For instance, differences in the shapes of radial curves in the upper-half of the face can be loosely attributed to the inter-class variability while those for curves passing through the lips and cheeks can largely be due to changes in expressions.
Q6. How many scans are available for each face?
The number of total face scans is 4652; at least 54 scans each are available for most of the subjects, while there are only 31 scans each for 34 of them.
Q7. What is the rank-1 recognition rate in the difficult scenario of neutral vs. expressions?
In the difficult scenario of neutral vs. expressions, the rank-1 recognition rate is 96.8%, which represents a high performance, while in the simpler case of neutral vs. neutral the rate is 99.2%.
Q8. What is the common framework for handling expression variability?
Another common framework, especially for handling expression variability, is based on matching only parts or regions rather than matching full faces.
Q9. What is the main limitation of these approaches?
The main limitation of these approaches, apart from the issues resulting from open mouths, is that they assume that surface distances between facial points are preserved within face classes.

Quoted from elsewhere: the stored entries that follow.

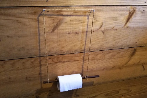 トイレットペーパーは木を麻紐で引っ掛けてます。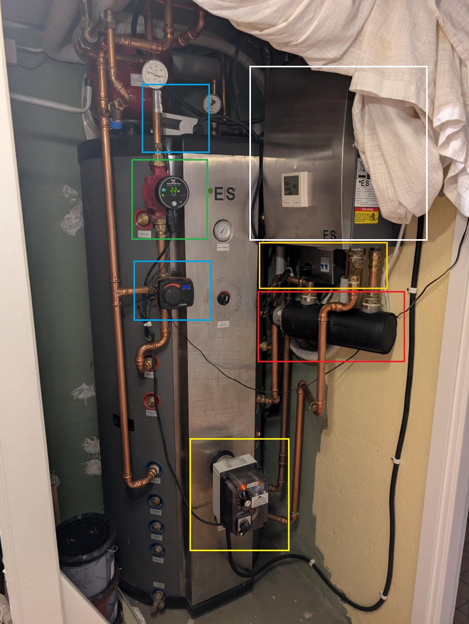 I BLÅ rutor är det såvitt jag förstår det ett ESBE "vridande styrdon" som öppnar eller stänger ventil beronde på temperatur, som ställs in via trådlöst ställdon.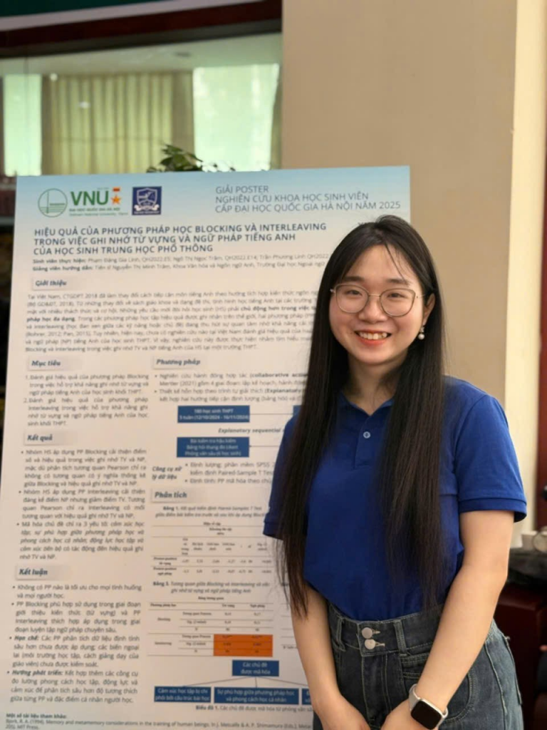 - Chủ nhiệm Đề tài “Hiệu quả của phương pháp học Blocking và Interleaving trong việc ghi nhớ và ngữ pháp tiếng Anh của học sinh Trung học phổ thông” đạt giải Nhất trong Đợt Nghiệm thu thứ 2 năm 2025 Cấp Trường Đại học Ngoại ngữ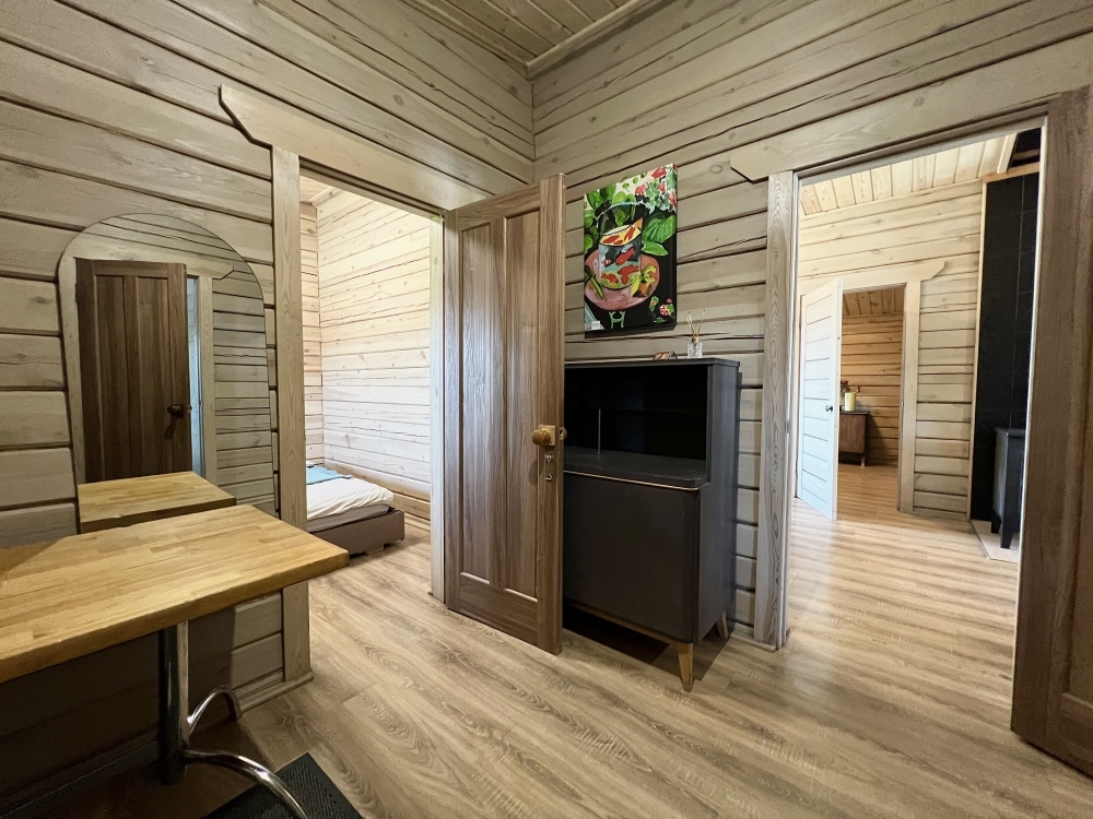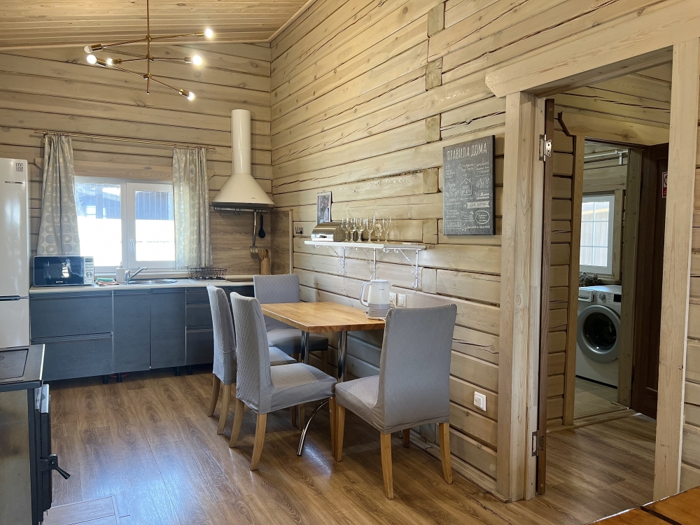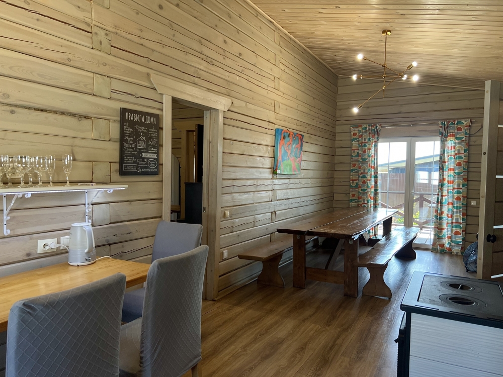 Деревянный, уютный и светлый дом для отдыха на природе, дом расположен на участке 8 соток, в нем есть всё необходимое для комфортного пребывания гостей. Дом полностью огорожен забором имеет свою парковку на несколько машин. В доме 3 отдельные спальни (10 спальных мест), большая кухня столовая на 16 посадочных мест. Имеется вся необходимая посуда, чайник, микроволновая печь, индукционная плита, холодильник, телевизор, обеденные столы со стульями, постельное белье, полотенца, чай, мыло, шампунь, тапочки, туалетные принадлежности.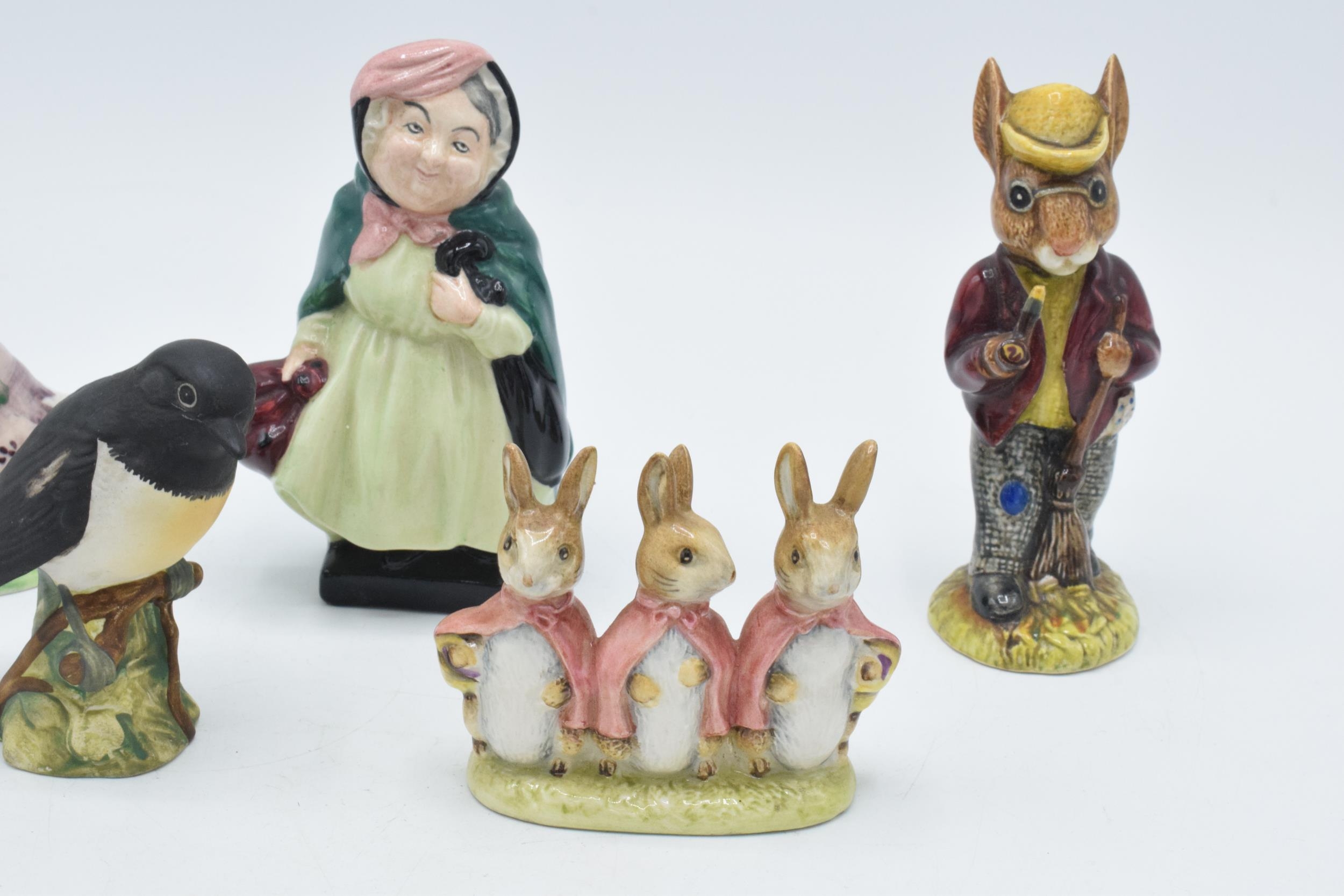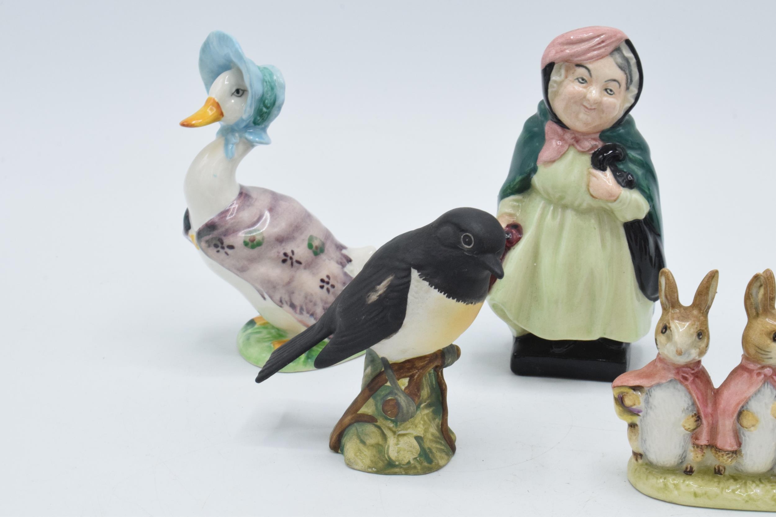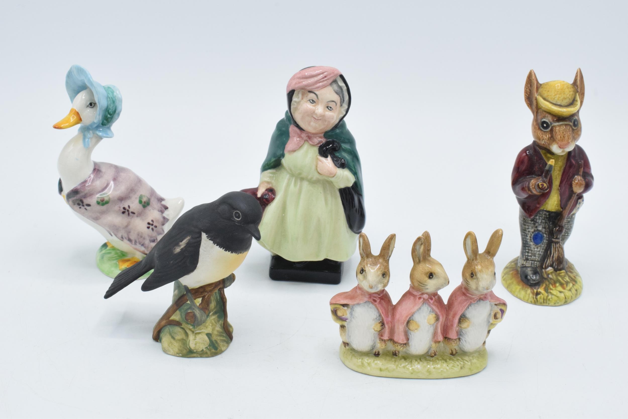 A collection of pottery to include Beswick Beatrix Potter figures x 2, Doulton Bunnykins, Doulton Sairey Gamp and a matte Beswick stonechat (5).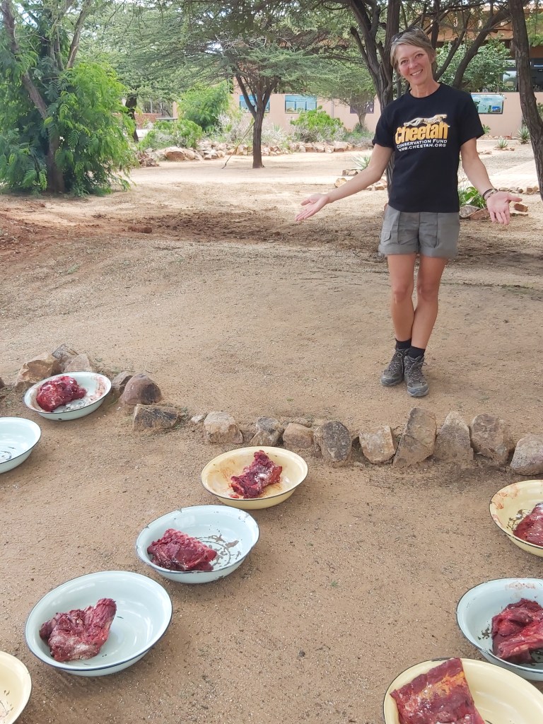 Nevertheless, life went on and especially on a sanctuary, you can´t stop working. CCF hosts around 40 cheetahs. Some must stay in permanent captivity, as they can´t be released due to their circumstances they came in, others will be released into the wild as soon as they are stable enough. Beside other programs, CCF also runs a model farm and an Anatolian shepherd breeding program (LGD – Lifestock Guarding Dogs) as part of their conservational work. All those cheetahs, dogs, sheep and goats need still to be fed and taken care of.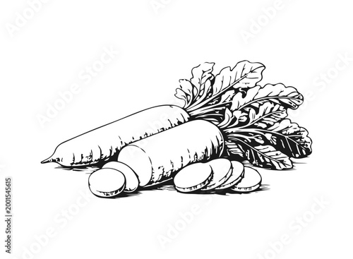 Simple hand drawn white radish sketch, engraved japanese daikon vegetable illustration.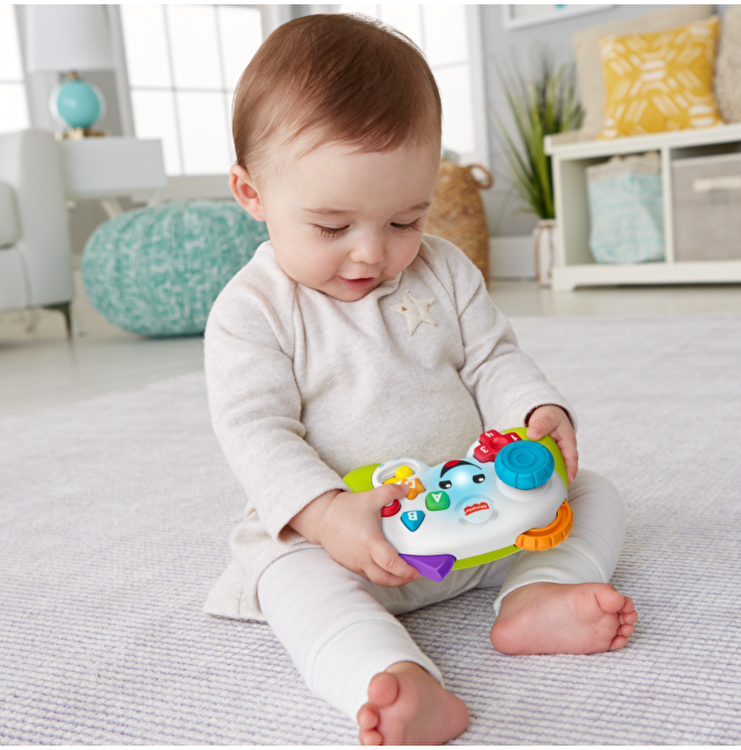 Bebelusul tau poate invata practic cu acest controller de jocuri de la Laugh & Learn, care are doua moduri de joc si o multime de activitati pe care o sa le adore! Pe masura ce micii jucatori misca joystick-ul si apasa butoanele ABCD sau tastele numerice, vor auzi melodii, sunete si fraze interesante care introduc numere, forme, culori si multe altele!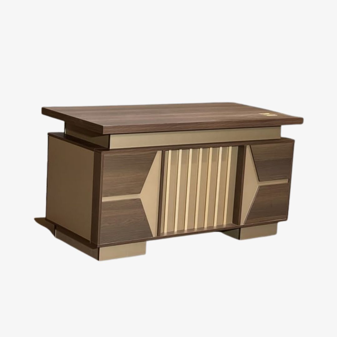 Bureau de direction moderne finition bois avec panneaux décoratifs géométriques
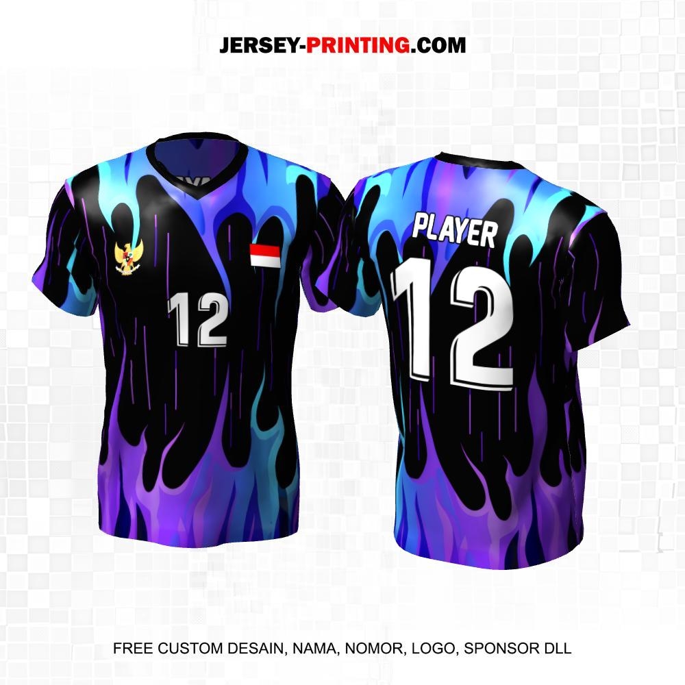 Jersey Volly Hitam Ungu Biru Motif Abstrak 442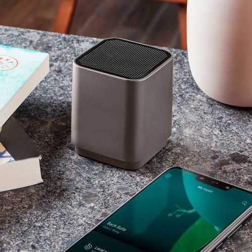 Bocina bluetooth con batería recargable. Reproducción de música de 1.5 hrs aproximadamente. Cable cargador USB incluido. Logotipo se ilumina al grabar. Este producto por ser últimas piezas puede presentar alguna variación, no se aceptan devoluciones.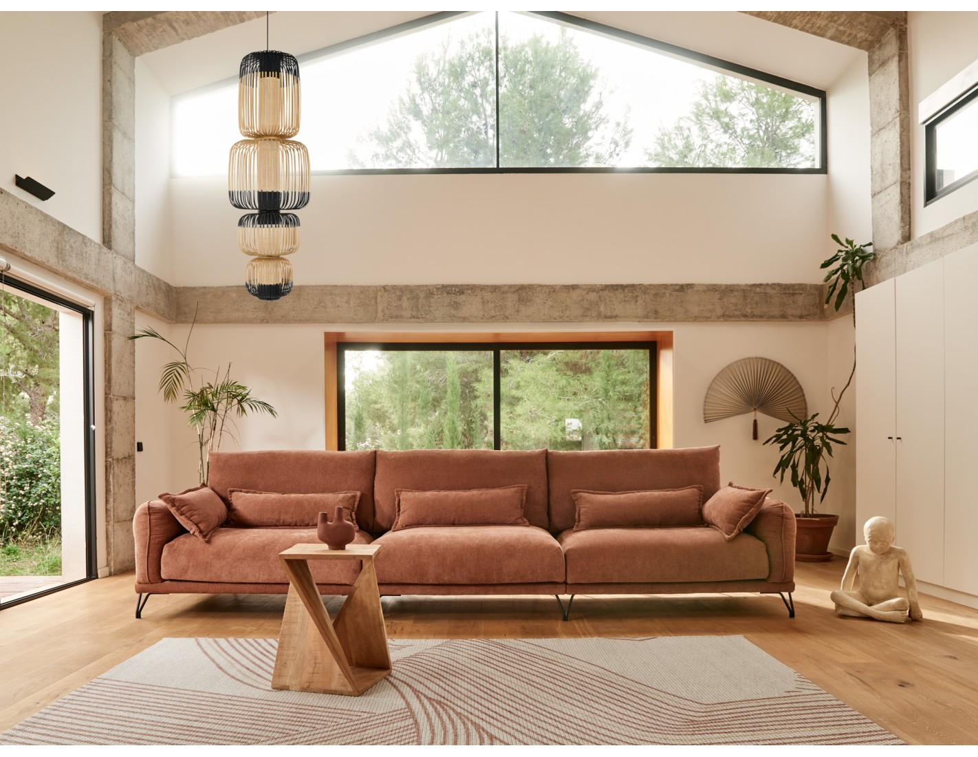 Cada aspecto de su diseño ha sido trabajado con dedicación, desde la elección minuciosa de materiales como la espuma de poliuretano Acofoam y el relleno de plumón sintético, hasta las elegantes patas metálicas de gran altura que se integran perfectamente en el conjunto, aportando un toque moderno y sofisticado.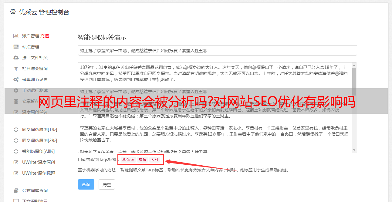 优采云 发布时间: 2021-05-28 03:21网页里注释的内容会被分析吗?对网站SEO优化有影响吗
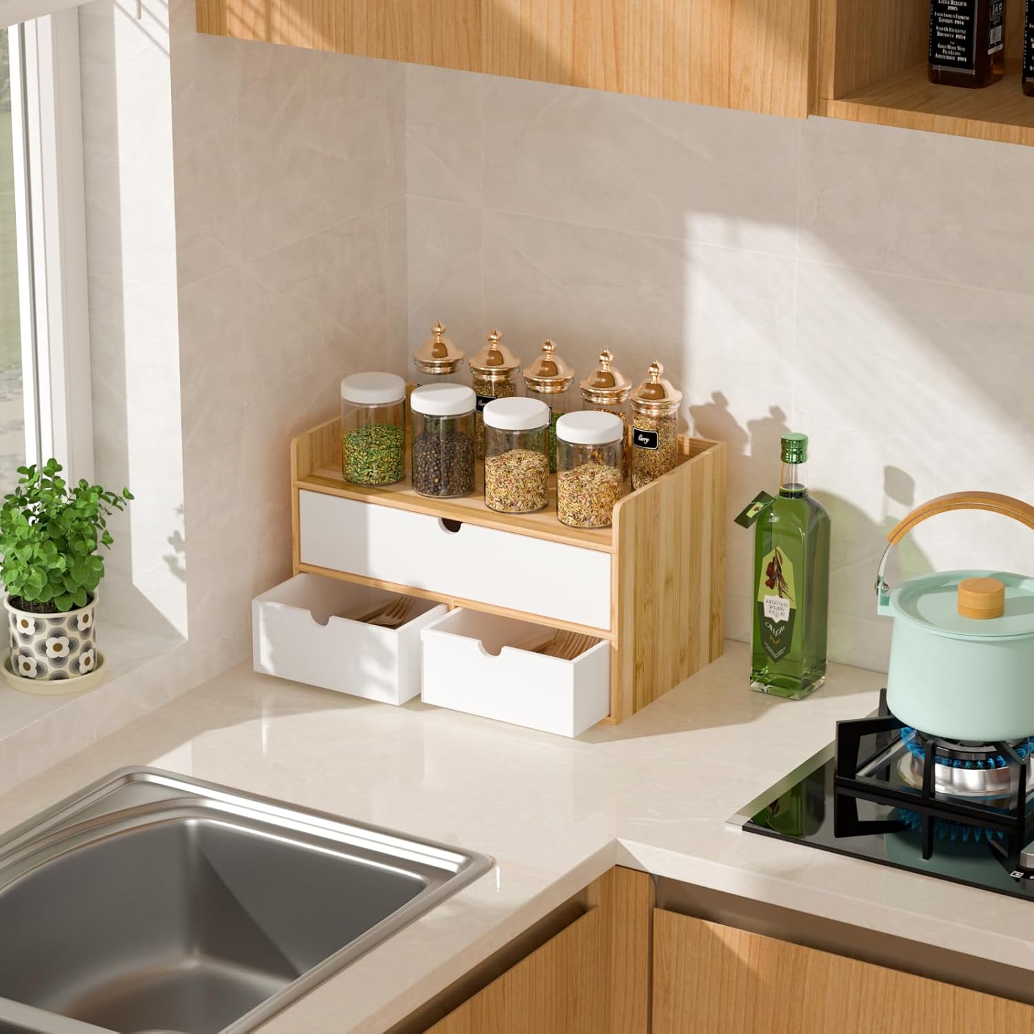 Wisuce Desk Organizer with Drawers - Bamboo Desktop Organizer Storage | Natural-White Wood Desk Drawers Organizer for Bills, Office Supplies, Cosmetics, Seals No Assembly Required

Q10. What is the equivalence class of a curve?
In order to study shapes of curves, one should identify all rotations and re-parameterizations of a curve as an equivalence class.
Q11. What is the correct recognition rate for the faces in the two bottom rows?
The faces in the two bottom rows are examples of incorrectly recognized faces by their algorithm without restoration (as described earlier), but after the restoration step, they are correctly recognized.